- RECORDS TO PROCESS -
-*-

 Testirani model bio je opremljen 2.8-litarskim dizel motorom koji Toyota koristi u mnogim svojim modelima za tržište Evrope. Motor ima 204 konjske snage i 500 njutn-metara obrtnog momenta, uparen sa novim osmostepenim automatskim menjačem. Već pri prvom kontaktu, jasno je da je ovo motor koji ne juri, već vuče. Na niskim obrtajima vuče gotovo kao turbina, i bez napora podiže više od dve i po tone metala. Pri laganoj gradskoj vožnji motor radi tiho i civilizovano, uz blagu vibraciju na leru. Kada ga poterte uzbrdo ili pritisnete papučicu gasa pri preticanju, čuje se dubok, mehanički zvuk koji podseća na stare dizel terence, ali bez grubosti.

-*-

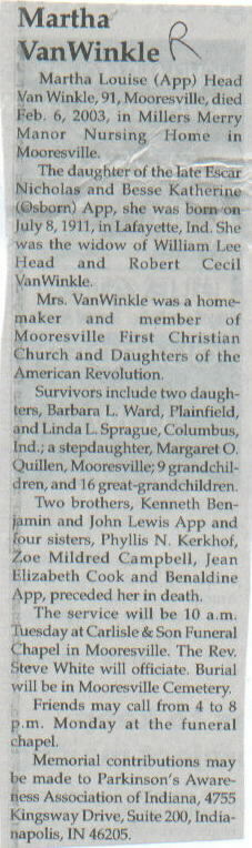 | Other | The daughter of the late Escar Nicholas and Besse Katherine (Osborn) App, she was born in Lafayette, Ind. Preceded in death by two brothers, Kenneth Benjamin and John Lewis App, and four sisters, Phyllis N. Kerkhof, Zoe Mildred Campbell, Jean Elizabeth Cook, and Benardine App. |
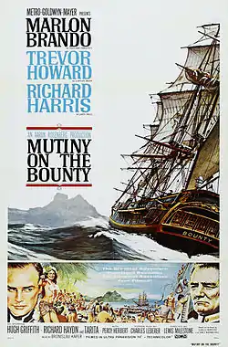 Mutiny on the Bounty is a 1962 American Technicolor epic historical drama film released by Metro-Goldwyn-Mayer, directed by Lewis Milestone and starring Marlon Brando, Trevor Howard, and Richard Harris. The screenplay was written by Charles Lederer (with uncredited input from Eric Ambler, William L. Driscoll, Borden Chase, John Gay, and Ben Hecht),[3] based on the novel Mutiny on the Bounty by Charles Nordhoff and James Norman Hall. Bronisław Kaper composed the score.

-*-

Could you output exactly the lines above, from the line with "Benardine App. |" up to and including the line with "Mutiny on the Bounty is", and nothing else, skipping the pictures?

 | Other | The daughter of the late Escar Nicholas and Besse Katherine (Osborn) App, she was born in Lafayette, Ind. Preceded in death by two brothers, Kenneth Benjamin and John Lewis App, and four sisters, Phyllis N. Kerkhof, Zoe Mildred Campbell, Jean Elizabeth Cook, and Benardine App. |
 Mutiny on the Bounty is a 1962 American Technicolor epic historical drama film released by Metro-Goldwyn-Mayer, directed by Lewis Milestone and starring Marlon Brando, Trevor Howard, and Richard Harris. The screenplay was written by Charles Lederer (with uncredited input from Eric Ambler, William L. Driscoll, Borden Chase, John Gay, and Ben Hecht),[3] based on the novel Mutiny on the Bounty by Charles Nordhoff and James Norman Hall. Bronisław Kaper composed the score.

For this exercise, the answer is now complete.